The upbeat employment report for September, which showed that Nonfarm Payrolls (NFP) rose by 254,000, caused market participants to refrain from pricing in another large Fed rate cut at the policy meeting to be held on November 7. Assessing the recent employment data, Kansas City Fed President Jeffrey Schmid argued that the labor market was normalizing after a period of record over-employment and untenable low unemployment rates, rather than an outright deterioration.

The CME FedWatch Tool currently shows that markets are nearly fully pricing in a 25 basis points (bps) rate reduction at the next policy meeting. Meanwhile, the probability of one more 25 bps rate cut in December currently stands at around 72%, against a 27% chance of a policy hold.

In case there is a positive surprise in the job openings data, with a reading of at or above 8.5 million, the immediate reaction could boost the US Dollar (USD) by causing investors to reassess the probability of a December rate cut. On the other hand, a disappointing print at or below 7.5 million could hurt the USD. 

"Over the month, hires changed little at 5.3 million. Total separations changed little at 5.0 million," the BLS noted in its August JOLTS report. "Within separations, quits (3.1 million) continued to trend down and layoffs and discharges (1.6 million) changed little."

When will the JOLTS report be released and how could it affect EUR/USD?

Job openings’ numbers will be published on Tuesday at 14:00 GMT. Eren Sengezer, European Session Lead Analyst at FXStreet, shares his view on the potential impact of JOLTS data on EUR/USD:

“Unless there is a significant divergence between the market expectation and the actual print, the market reaction to JOLTS data is likely to remain short-lived, with investors refraining from taking large positions ahead of the third-quarter Gross Domestic Product (GDP) data and the October employment report, which will be published on Thursday and Friday, respectively.”

“EUR/USD’s near-term technical outlook suggests that the bearish bias remains intact. The Relative Strength Index (RSI) indicator on the daily chart stays below 40 and the 20-day Simple Moving Average (SMA) continues to move away from the 100-day SMA after completing a bearish cross late last week.”

“On the upside, 1.0870 (Fibonacci 23.6% retracement level of October downtrend, 200-day SMA) aligns as key resistance.

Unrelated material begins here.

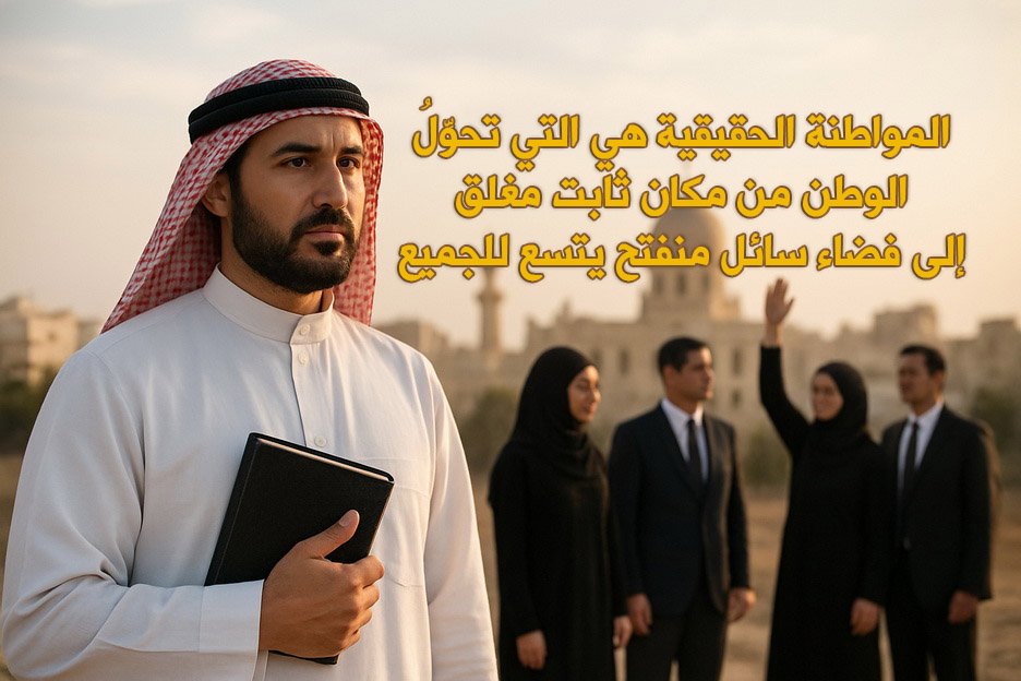 وفي هذا النموذج، يتحول الوطن من كيان ثابت إلى حركة ديناميكية، قائمة على الإنتاج والقيمة والتطور الحضاري. هذا التحوّل لا يلغي قيمة الأرض والانتماء التقليدي، بل يثريهما بإضافة حقوق الإنسان واحترام التنوع والاختلاف، لتصبح هذه العناصر عوامل دفعٍ وبناء للمجتمع، لا أسبابًا للتفكك والهدم.

If EUR/USD rises above this level and starts using it as support, technical buyers could take action. In this scenario, 1.0930 (Fibonacci 38.2% retracement, 100-day SMA) could be seen as the next bullish target before 1.1000 (round level). Looking south, first support could be spotted at 1.0770 (end-point of the downtrend) before 1.0700 (round level) and 1.0620 (static level from April).”

Interest rates FAQs

Interest rates are charged by financial institutions on loans to borrowers and are paid as interest to savers and depositors. They are influenced by base lending rates, which are set by central banks in response to changes in the economy. Central banks normally have a mandate to ensure price stability, which in most cases means targeting a core inflation rate of around 2%. If inflation falls below target the central bank may cut base lending rates, with a view to stimulating lending and boosting the economy. If inflation rises substantially above 2% it normally results in the central bank raising base lending rates in an attempt to lower inflation.

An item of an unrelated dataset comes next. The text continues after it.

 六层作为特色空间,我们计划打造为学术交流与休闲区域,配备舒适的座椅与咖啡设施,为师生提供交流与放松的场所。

Higher interest rates generally help strengthen a country’s currency as they make it a more attractive place for global investors to park their money.

Higher interest rates overall weigh on the price of Gold because they increase the opportunity cost of holding Gold instead of investing in an interest-bearing asset or placing cash in the bank. If interest rates are high that usually pushes up the price of the US Dollar (USD), and since Gold is priced in Dollars, this has the effect of lowering the price of Gold.

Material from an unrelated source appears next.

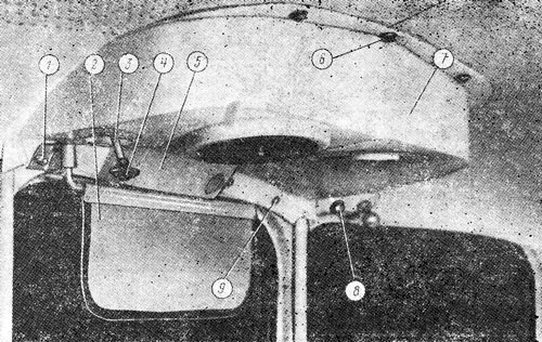 Подсоедините провод к клемме электродвигателя вентилятора. Установите, закрепите обшивку крыши и плафон освещения кабины. Установите кожух 5 ( см. рис. 309) электродвигателя стеклоочистителя и закрепите двумя болтами с шайбами и проводом массы,- расположив его наконечник между болтом и шайбой. Соберите кожух 14 ( см. рис. 308 ) с воздухораспределителем 17 и зажимом 15 и закрепите болтом 16. с двумя гайками и шайбой. Уложите уплотнение 18 на крышку кожуха теплообменника и установите кожух, с воздухораспределителем 7 (см. рис. 309), выведя тягу 3 через отверстие кожуха с воздухораспределителем. Закрепите кожух с воздухораспределителем тремя болтами 6 с шайбами плоскими и двумя шурупами- 9 с шайбами. Установите светозащитный козырек 2, закрепив его двумя гайками 1 с пружинными шайбами. Установите опору зеркала с кронштейном и закрепив ее болтом 8 с шайбой. Наверните на тягу 3 включения теплообменника рукоятку 4.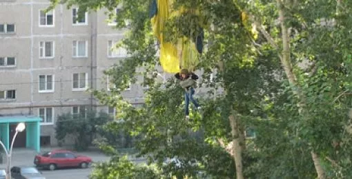 В субботу, 27 июля, в половине седьмого вечера на пульт пожарной части № 210, расположенной в поселке Октябрьский Копейского городского округа, поступил звонок из аэроклуба «РОСТО». Выяснилось, что в селе Калачево во время прыжка одну из парашютисток унесло ветром, и ей необходима помощь. К месту вызова незамедлительно был направлен дежурный караул. Через несколько минут пожарные прибыли к аэроклубу, где взяли координаты предполагаемого места ЧП. Прибыв в лес, огнеборцы увидели такую картину: на березе, метрах в 20-ти над землей, вниз головой висела парашютистка. Прямо посреди леса спасатели установили трехколенную лестницу, но ветки помешали подобраться к девушке достаточно близко, одному из пожарных пришлось еще

The Fed funds rate is the overnight rate at which US banks lend to each other. It is the oft-quoted headline rate set by the Federal Reserve at its FOMC meetings. It is set as a range, for example 4.75%-5.00%, though the upper limit (in that case 5.00%) is the quoted figure. Market expectations for future Fed funds rate are tracked by the CME FedWatch tool, which shapes how many financial markets behave in anticipation of future Federal Reserve monetary policy decisions.